(Beginning of Supplied material)

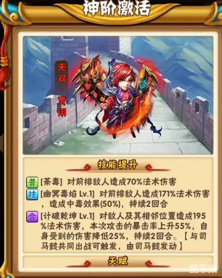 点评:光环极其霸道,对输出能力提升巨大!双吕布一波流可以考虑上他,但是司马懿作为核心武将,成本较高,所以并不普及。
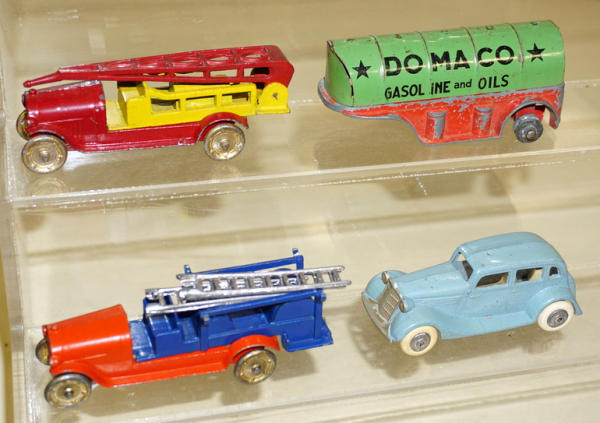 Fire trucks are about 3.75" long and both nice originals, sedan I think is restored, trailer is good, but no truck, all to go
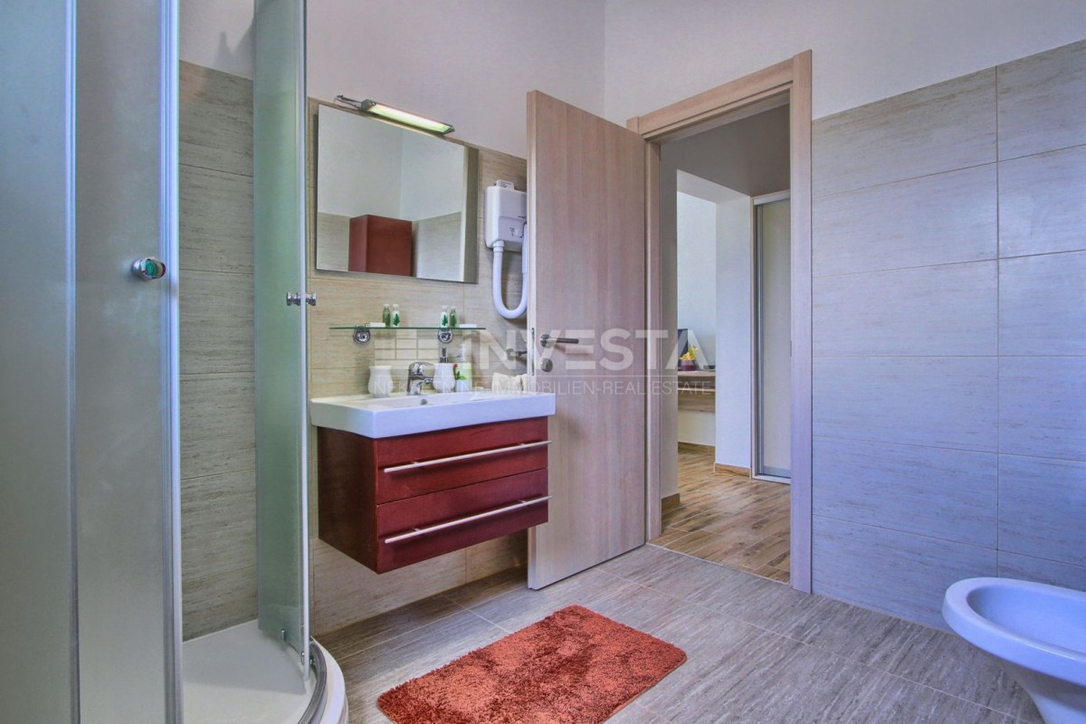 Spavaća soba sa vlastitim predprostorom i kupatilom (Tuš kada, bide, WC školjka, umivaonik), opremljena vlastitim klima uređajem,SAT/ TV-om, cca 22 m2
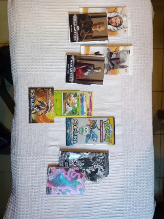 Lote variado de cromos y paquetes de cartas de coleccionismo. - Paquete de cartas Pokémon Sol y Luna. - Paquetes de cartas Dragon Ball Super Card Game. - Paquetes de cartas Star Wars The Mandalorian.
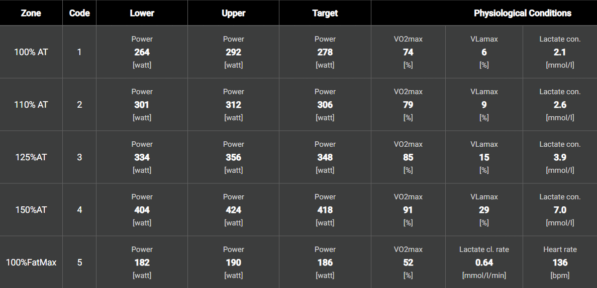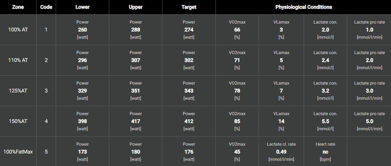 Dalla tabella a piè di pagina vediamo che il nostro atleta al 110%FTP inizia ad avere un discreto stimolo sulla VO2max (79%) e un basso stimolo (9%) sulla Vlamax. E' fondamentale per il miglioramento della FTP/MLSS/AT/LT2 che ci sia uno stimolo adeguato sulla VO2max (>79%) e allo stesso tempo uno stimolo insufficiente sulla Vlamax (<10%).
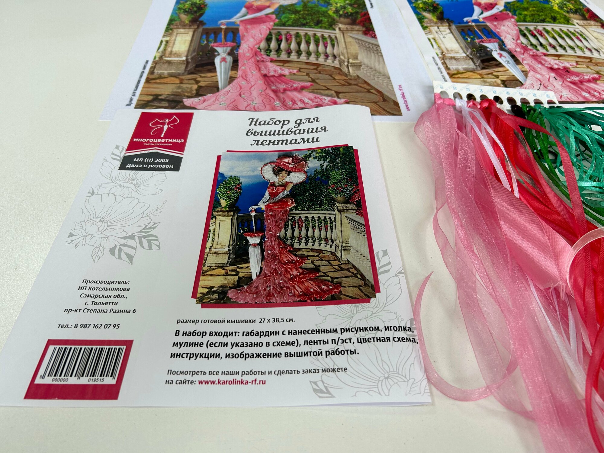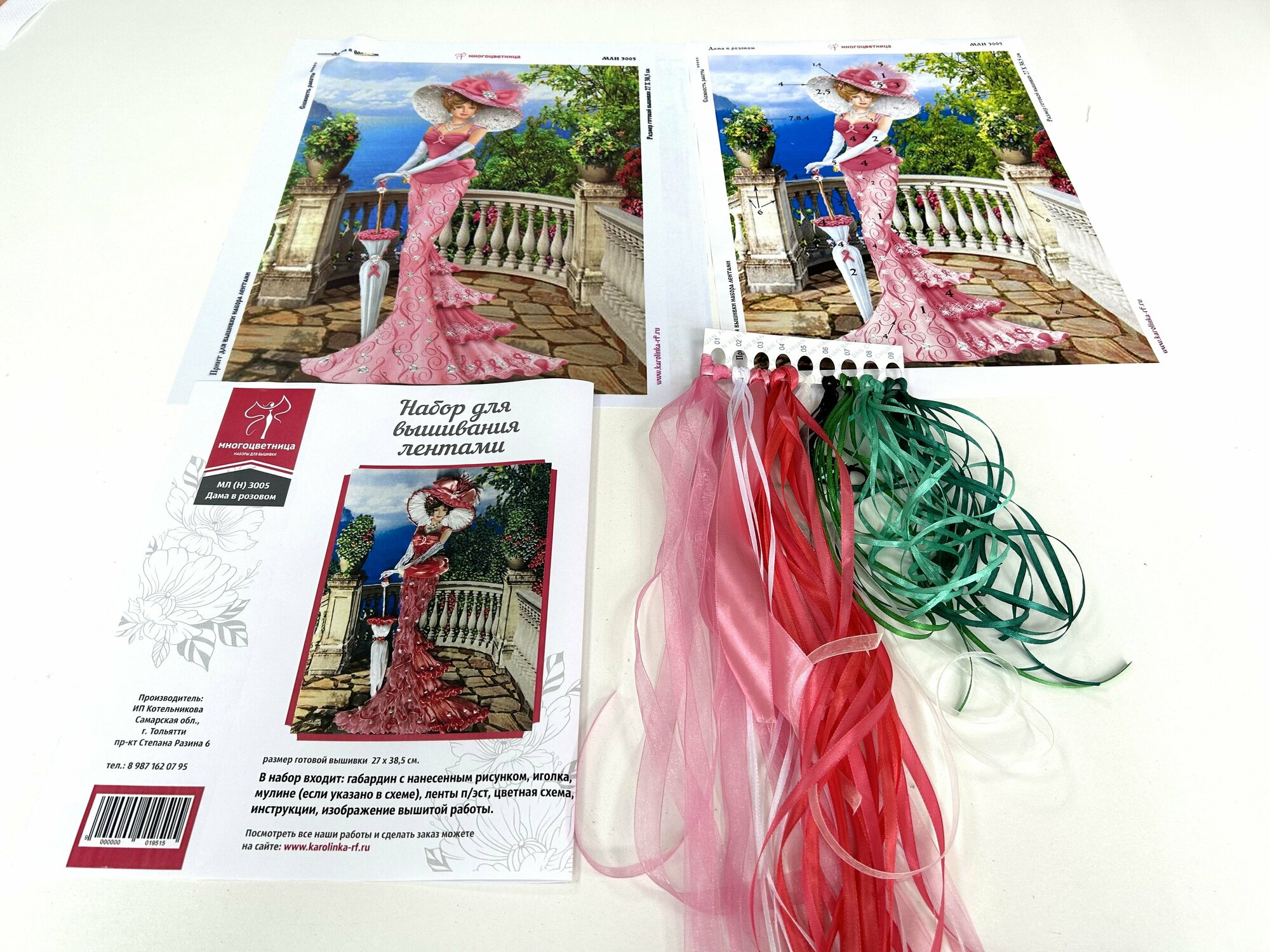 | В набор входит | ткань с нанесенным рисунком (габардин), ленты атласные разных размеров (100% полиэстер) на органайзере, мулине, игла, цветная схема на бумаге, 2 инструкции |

(End of Supplied material)

With the pictures excluded, restate the material exactly as it stands.

Reply to the exercise:
 点评:光环极其霸道,对输出能力提升巨大!双吕布一波流可以考虑上他,但是司马懿作为核心武将,成本较高,所以并不普及。
 Fire trucks are about 3.75" long and both nice originals, sedan I think is restored, trailer is good, but no truck, all to go
 Spavaća soba sa vlastitim predprostorom i kupatilom (Tuš kada, bide, WC školjka, umivaonik), opremljena vlastitim klima uređajem,SAT/ TV-om, cca 22 m2
 Lote variado de cromos y paquetes de cartas de coleccionismo. - Paquete de cartas Pokémon Sol y Luna. - Paquetes de cartas Dragon Ball Super Card Game. - Paquetes de cartas Star Wars The Mandalorian.
 Dalla tabella a piè di pagina vediamo che il nostro atleta al 110%FTP inizia ad avere un discreto stimolo sulla VO2max (79%) e un basso stimolo (9%) sulla Vlamax. E' fondamentale per il miglioramento della FTP/MLSS/AT/LT2 che ci sia uno stimolo adeguato sulla VO2max (>79%) e allo stesso tempo uno stimolo insufficiente sulla Vlamax (<10%).
 | В набор входит | ткань с нанесенным рисунком (габардин), ленты атласные разных размеров (100% полиэстер) на органайзере, мулине, игла, цветная схема на бумаге, 2 инструкции |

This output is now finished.